Repeat only what runs from the line with "View from my" through the last line of the data below, both included, keeping every word as it is and leaving out the pictures.

Data extracts: Begin

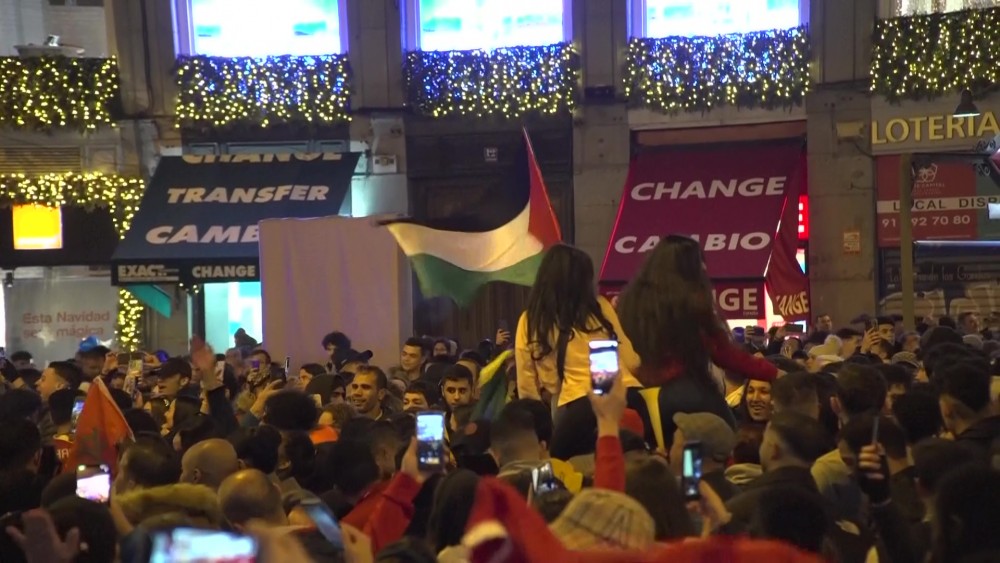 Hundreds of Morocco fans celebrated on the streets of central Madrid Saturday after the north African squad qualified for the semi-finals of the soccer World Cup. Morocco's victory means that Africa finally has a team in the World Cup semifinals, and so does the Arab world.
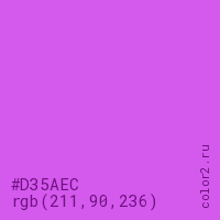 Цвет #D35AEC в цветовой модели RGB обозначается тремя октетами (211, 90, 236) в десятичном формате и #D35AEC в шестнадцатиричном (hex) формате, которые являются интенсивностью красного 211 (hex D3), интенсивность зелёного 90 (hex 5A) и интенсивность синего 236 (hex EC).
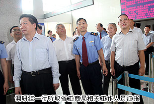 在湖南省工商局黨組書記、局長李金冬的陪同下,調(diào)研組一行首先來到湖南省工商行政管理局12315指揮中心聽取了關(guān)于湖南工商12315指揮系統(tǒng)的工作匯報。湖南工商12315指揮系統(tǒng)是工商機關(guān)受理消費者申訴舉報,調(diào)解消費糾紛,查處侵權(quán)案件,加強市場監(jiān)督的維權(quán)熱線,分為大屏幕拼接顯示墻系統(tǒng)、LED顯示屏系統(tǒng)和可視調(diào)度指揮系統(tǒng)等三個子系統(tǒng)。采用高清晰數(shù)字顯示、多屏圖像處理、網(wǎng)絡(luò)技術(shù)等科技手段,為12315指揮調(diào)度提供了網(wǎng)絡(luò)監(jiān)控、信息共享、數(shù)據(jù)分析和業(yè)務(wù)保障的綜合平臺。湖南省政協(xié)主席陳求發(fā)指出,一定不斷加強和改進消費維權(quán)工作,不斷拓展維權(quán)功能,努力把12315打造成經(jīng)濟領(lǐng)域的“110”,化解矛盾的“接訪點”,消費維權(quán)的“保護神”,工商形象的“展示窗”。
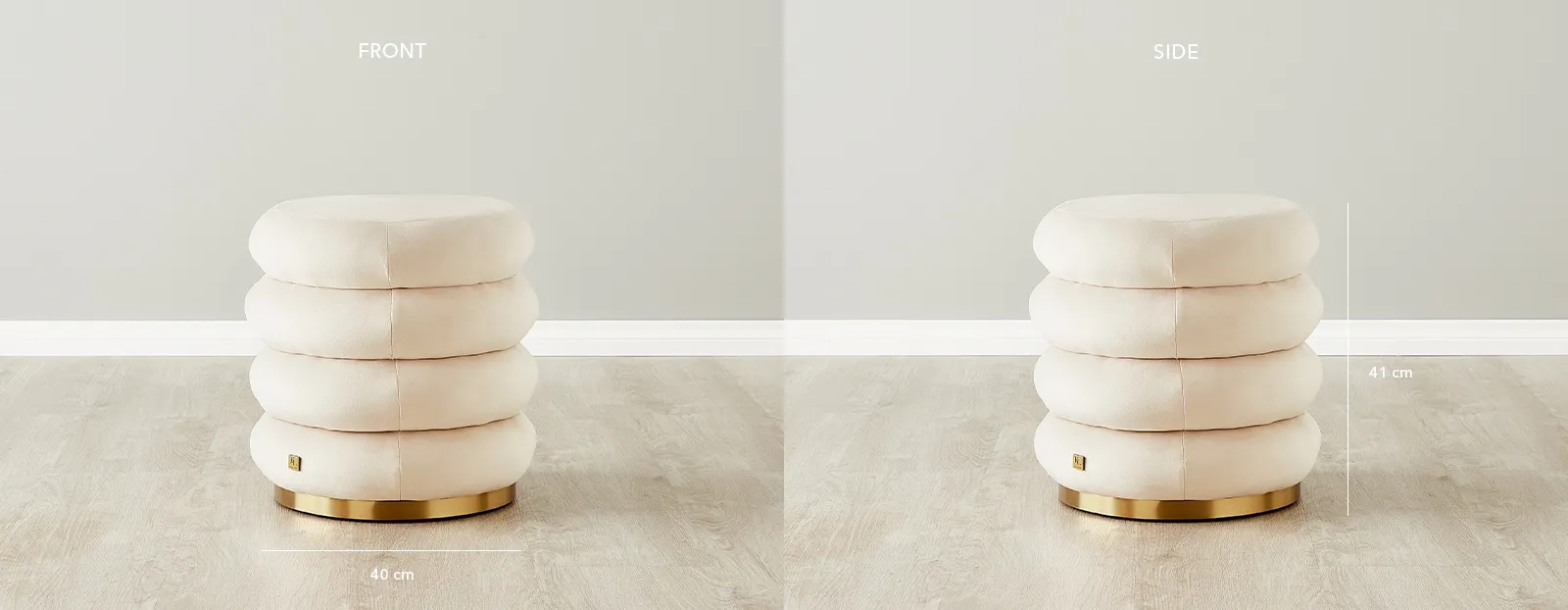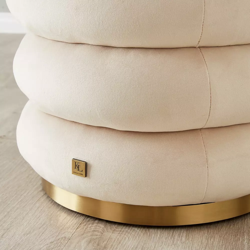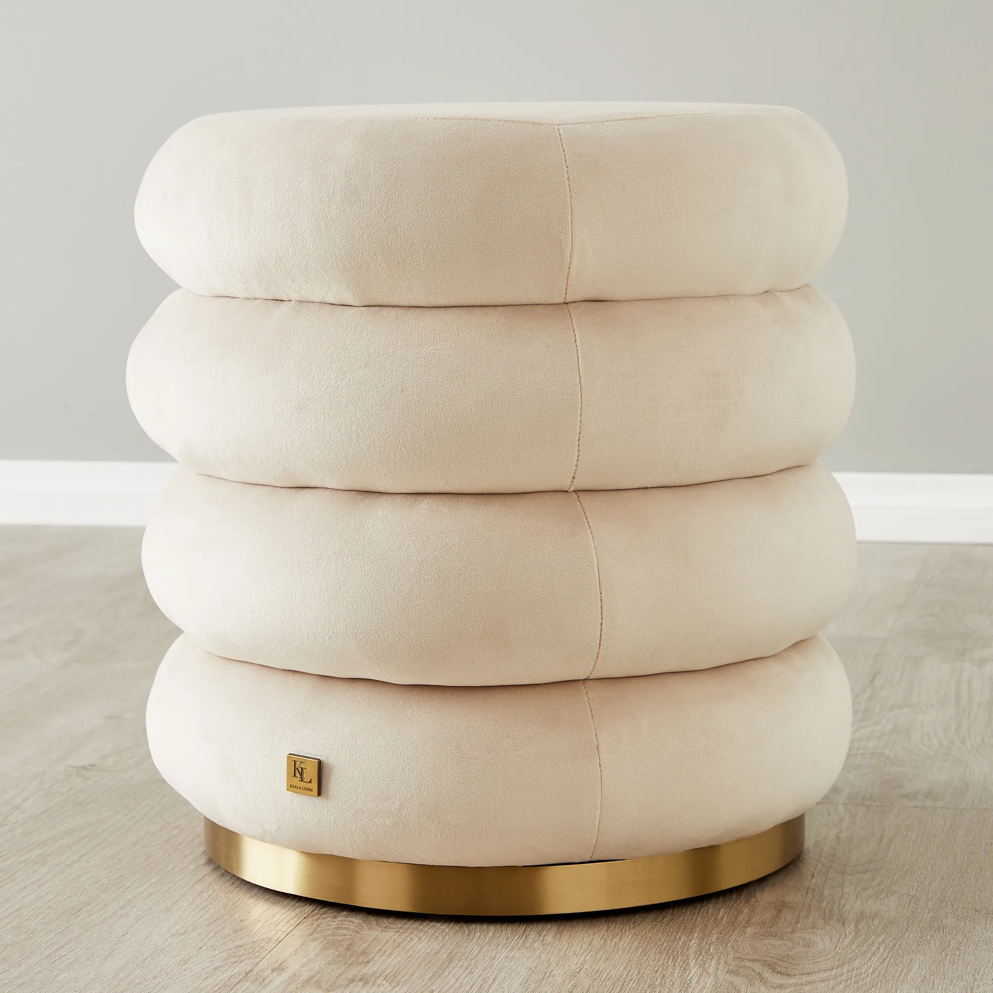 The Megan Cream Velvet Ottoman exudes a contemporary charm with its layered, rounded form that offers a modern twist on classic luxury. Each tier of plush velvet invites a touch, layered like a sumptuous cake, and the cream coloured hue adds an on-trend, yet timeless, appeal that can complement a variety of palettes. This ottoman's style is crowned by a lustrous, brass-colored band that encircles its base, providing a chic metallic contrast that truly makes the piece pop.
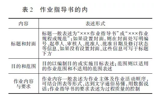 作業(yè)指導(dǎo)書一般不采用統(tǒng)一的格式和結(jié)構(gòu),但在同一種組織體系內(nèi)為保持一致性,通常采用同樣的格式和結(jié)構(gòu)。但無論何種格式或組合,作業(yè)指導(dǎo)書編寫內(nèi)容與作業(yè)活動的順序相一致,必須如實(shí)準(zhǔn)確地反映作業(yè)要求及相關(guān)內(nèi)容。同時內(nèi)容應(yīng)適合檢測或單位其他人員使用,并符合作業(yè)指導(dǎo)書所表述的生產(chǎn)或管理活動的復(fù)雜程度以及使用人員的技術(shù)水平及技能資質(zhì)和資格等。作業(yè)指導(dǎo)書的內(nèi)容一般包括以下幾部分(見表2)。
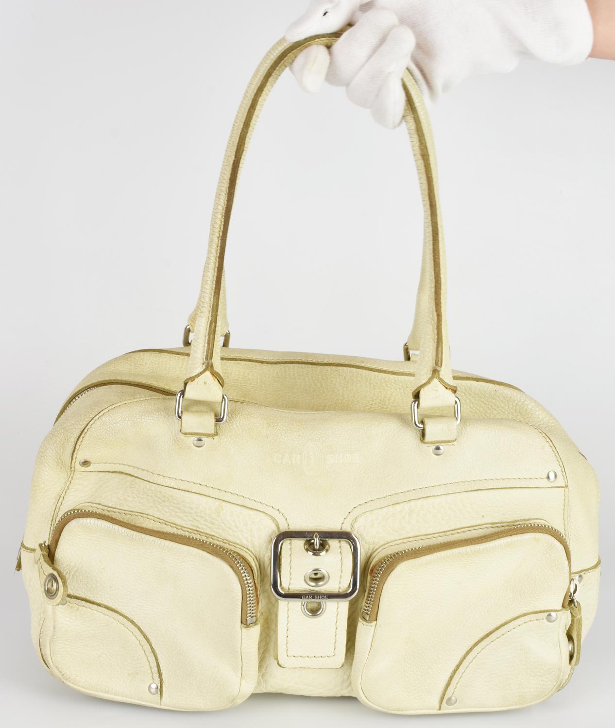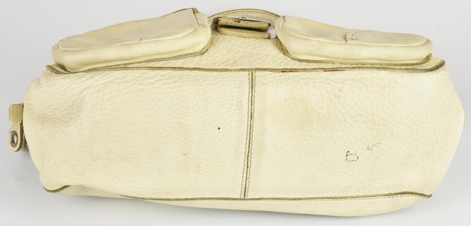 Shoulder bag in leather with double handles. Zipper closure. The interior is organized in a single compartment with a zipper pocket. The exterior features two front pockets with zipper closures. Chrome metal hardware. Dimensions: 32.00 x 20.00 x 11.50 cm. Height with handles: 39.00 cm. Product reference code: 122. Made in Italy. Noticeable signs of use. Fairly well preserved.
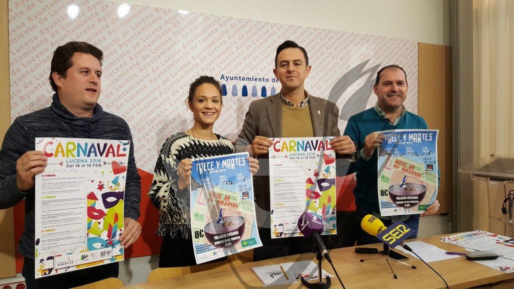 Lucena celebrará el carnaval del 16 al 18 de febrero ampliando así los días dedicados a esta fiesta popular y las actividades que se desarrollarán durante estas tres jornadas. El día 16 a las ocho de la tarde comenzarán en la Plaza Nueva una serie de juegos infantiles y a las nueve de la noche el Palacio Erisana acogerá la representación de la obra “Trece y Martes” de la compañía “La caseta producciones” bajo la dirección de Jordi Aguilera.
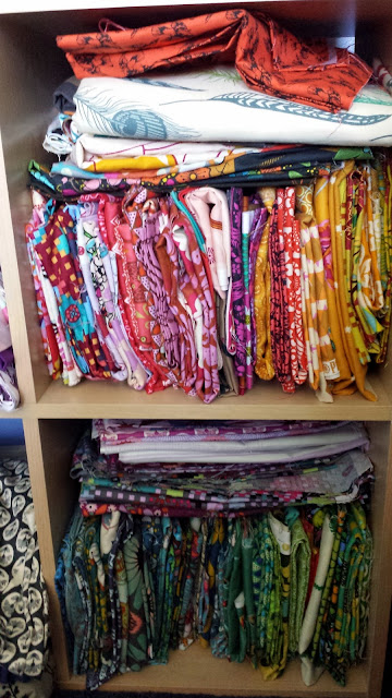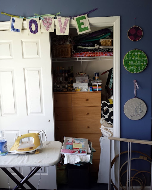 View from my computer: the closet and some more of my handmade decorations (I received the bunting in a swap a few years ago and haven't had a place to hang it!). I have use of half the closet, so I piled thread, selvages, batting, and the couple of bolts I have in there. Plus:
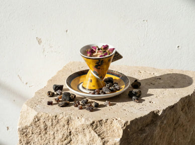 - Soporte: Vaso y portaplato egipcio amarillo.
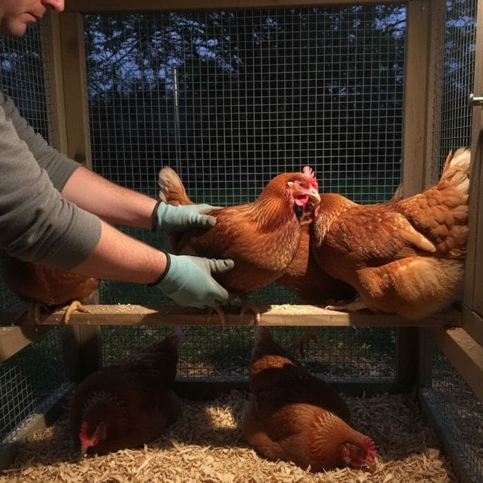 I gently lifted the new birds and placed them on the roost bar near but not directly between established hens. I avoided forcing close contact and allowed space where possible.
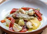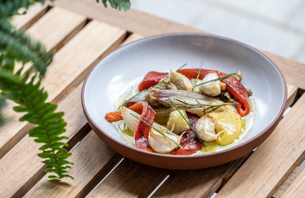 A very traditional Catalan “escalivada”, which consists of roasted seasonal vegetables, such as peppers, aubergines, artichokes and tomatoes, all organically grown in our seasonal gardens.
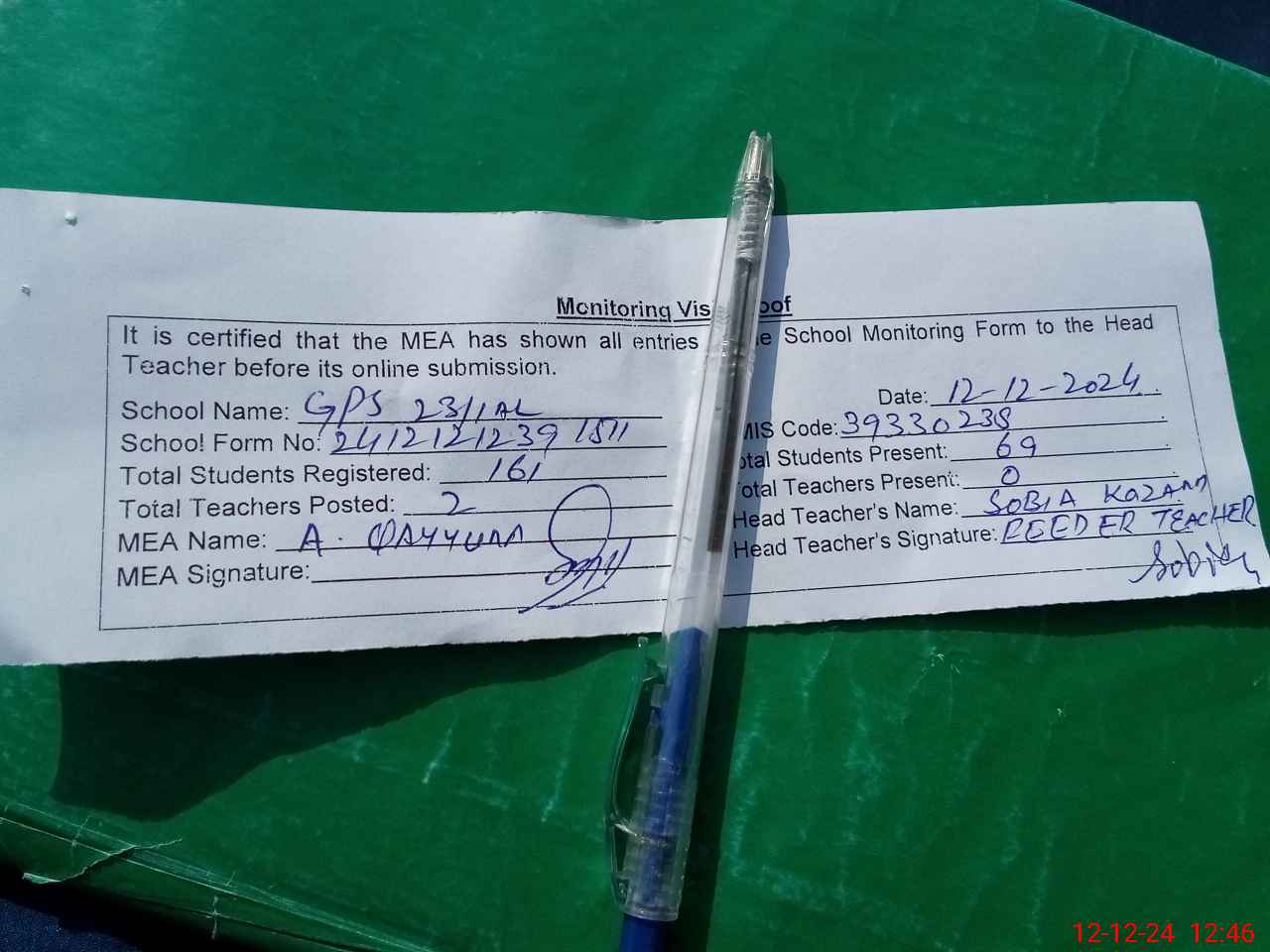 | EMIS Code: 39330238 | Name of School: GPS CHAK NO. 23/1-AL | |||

Data extracts: End

Your response:
 View from my computer: the closet and some more of my handmade decorations (I received the bunting in a swap a few years ago and haven't had a place to hang it!). I have use of half the closet, so I piled thread, selvages, batting, and the couple of bolts I have in there. Plus:
 - Soporte: Vaso y portaplato egipcio amarillo.
 I gently lifted the new birds and placed them on the roost bar near but not directly between established hens. I avoided forcing close contact and allowed space where possible.
 A very traditional Catalan “escalivada”, which consists of roasted seasonal vegetables, such as peppers, aubergines, artichokes and tomatoes, all organically grown in our seasonal gardens.
 | EMIS Code: 39330238 | Name of School: GPS CHAK NO. 23/1-AL | |||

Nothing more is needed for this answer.